There are a number of clinical implications of this physiology. During muscle contraction, depolarization is followed quickly by repolarization. In the repolarization phase, Na + ions that entered cells during depolarization are pumped out of cells by the Na-K-ATPase. This permits most of the K + ions that were released during depolarization to return to cells. To make this process efficient in skeletal muscle, the K + ions released during depolarization are largely trapped in a local area (T-tubular region), which prevents the development of a severe degree of hyperkalemia when muscles contract. Hyperkalemia may develop during exhausting exercise, after seizures, or in patients with status epilepticus. Patients who are cachectic may not have an efficient trapping of K + ions in the T-tubular region during muscle contraction. Therefore, they may have pseudohyperkalemia because of repeated fist clenching in preparation for brachial venipuncture. Patients with hyperkalemic periodic paralysis have defective Na + ion channels that fail to close when the resting membrane potential approaches −50 mV during depolarization. This leads to the persistent Na + ion influx into muscle cells, which drives an outward flux of K + ions into the ECF compartment, causing hyperkalemia.

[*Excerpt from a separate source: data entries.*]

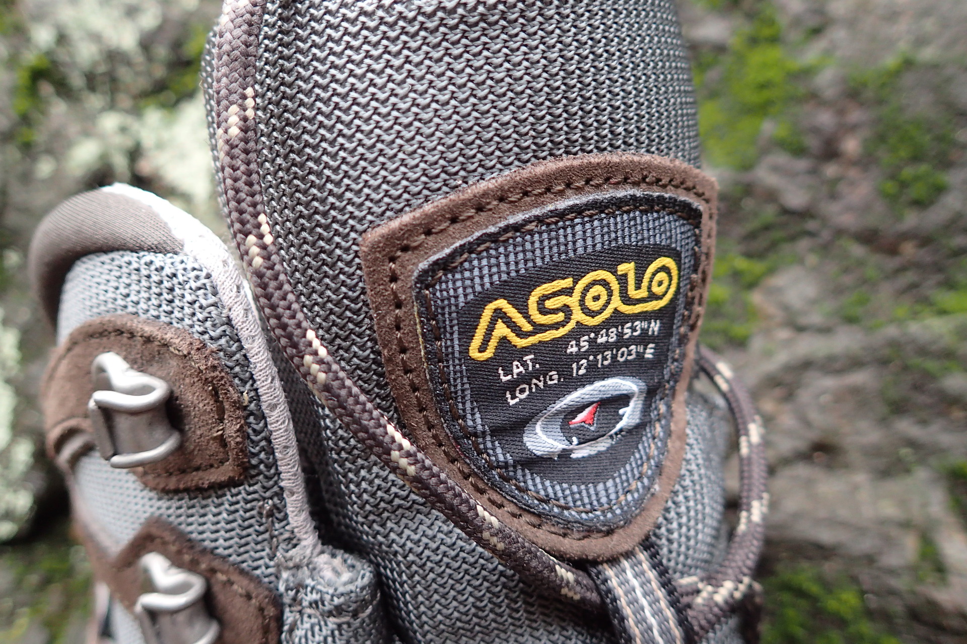Detailní záběr na jazyk boty s logem ASOLO a GPS souřadnicemi. Kam asi vedou?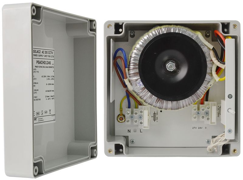 Pulsar PSACH 1x6A/24V AC dobozolt táp, az eszköz típusa: toroid transzformátor, a kimeneti feszültség: 24V, a kimeneti teljesítmény: 24VA/W, mechanikai kivitel szerint: dobozolt, a névleges bemeneti feszültség: 230V, túlterhelés elleni védelem: 6,3A biztosíték, az IP védettség szintje: IP65., Pulsar Dobozolt (IP65) kamera tápegység, rövidzár, túlterhelés és túlmelegedés védelem, Bem: 230VAC Kim: 6A/24V AC VAGY 5,5 A/27V AC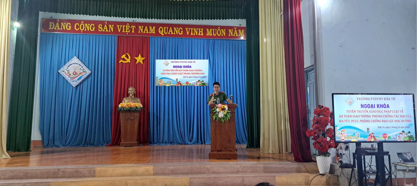 Chiều ngày 02/10/2024, Trường PTDTNT Đăk Tô phối hợp công an huyện Đăk Tô tổ chức tuyên truyền pháp luật với các chuyên đề: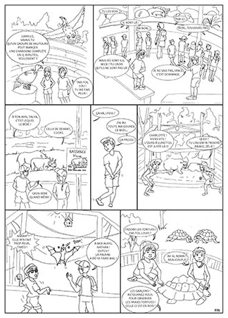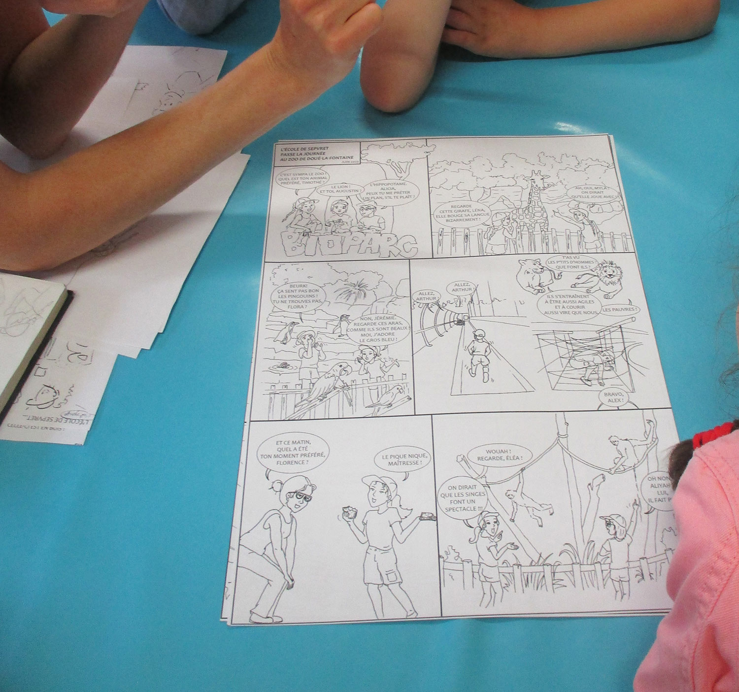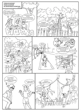Puis, découverte du dessin au travers du croquis et colorisation par les élèves. (ici, racontant la sortie au zoo d’une classe de CP)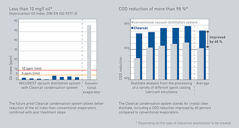 Az ipari szennyvíz kémiai oxigénigényének és olajindexének megfelelő mértékű lecsökkentéséhez összetett, többlépcsős kezelési folyamatokra van szükség annak érdekében, hogy újra fel lehessen használni a gyártási folyamatban, valamint hogy a csatornarendszerbe lehessen vezetni. A küldetésünk a szennyvízmentes termelés, és ezért szüntelenül innovatív megoldásokon dolgozunk. Ilyen megoldás  a szabadalmaztatott Clearcat kondenzációs rendszer. A csúcstechnológiás VACUDEST vákuum desztillációs berendezésekhez tartozó rendszer lehetővé teszi az olajos ipari szennyvíz feldolgozását egyetlen lépésben, hatékonyan és megbízhatóan. A kezelt víz minősége kimagasló színvonalú és még a legmagasabb környezeti elvárásoknak is megfelel. A VACUDEST vákuum desztillációs rendszerek 70%-a fel van szerelve a Clearcat kondenzációs rendszerrel. (US szabadalomszám: US 8,206,558 B2)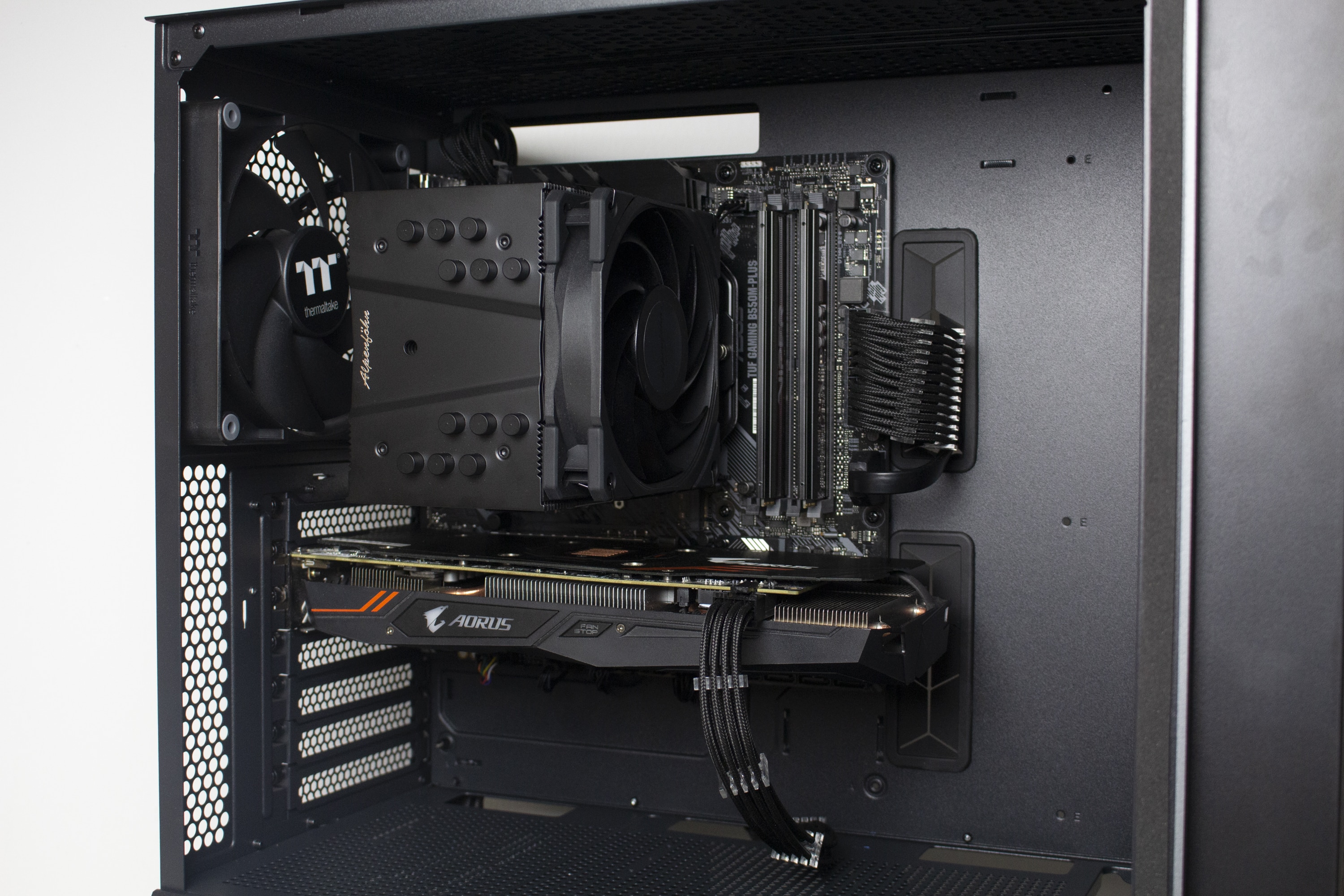 Nun kommen wir zum Systemeinbau beim Thermaltake Ceres 300 TG ARGB Test. Als Hardware verwenden wir einen AMD Ryzen 5 1400* auf einem ASUS TUF Gaming B550M-Plus* mit 16GB Crucial Ballistix Sport LT grau DDR4-2666*. Der Ryzen wird von einem Alpenföhn Brocken 4* gekühlt und ist auf 3,8 GHz (1,175 V) übertaktet. Für die Bildausgabe ist eine Gigabyte AORUS GTX 1060 6GB zuständig. Die Stromversorgung erledigt das vollmodulare LC-Power LC550 V2.31 Platinum*.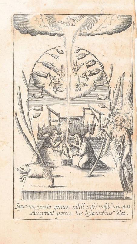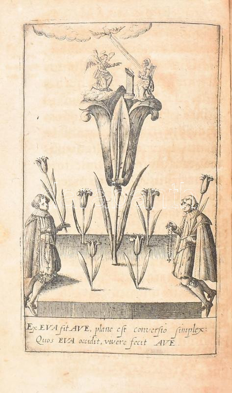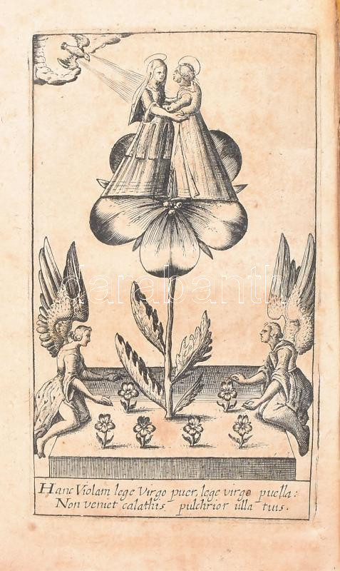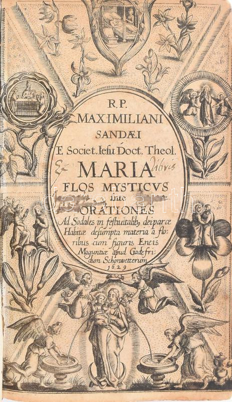 [Maximilian van der Sandt, S.J. (1578-1656)] Maximilian Sandaus: Maria Flos Mysticus sive Orationes ad sodales in festiuitatibus deiparae habitae desumpta materia a floribus cum figuris Eneis. Moguntia [Mainz], 1629, Apud Godefridum Schonwetterum, 381 p.+7 sztl. lev. Oldalszámozáson belül rézmetszetű, díszcímlappal és egészoldalas rézmetszetű illusztrációkkal. Latin nyelven. Korabeli egészpergamen-kötésben, kopott, foltos borítóval, a gerincen apró sérüléssel, possessori bejegyzésekkel az elülső táblán.

Electroneutral entry of Na + ions into cells : If Na + ions enter the cell in an electroneutral fashion, their subsequent electrogenic exit via the Na-K-ATPase results in a more negative cell interior voltage, and hence the retention of K + ions in these cells. This occurs when Na + ions enter cells in exchange for H + ions on the sodium-hydrogen cation exchanger-1 (NHE-1). Although the NHE-1 is normally inactive in cell membranes, it may become activated if there is a sudden rise in insulin levels in the extracellular fluid (ECF) compartment or in the presence of a higher concentration of H + ions in the intracellular fluid (ICF) compartment.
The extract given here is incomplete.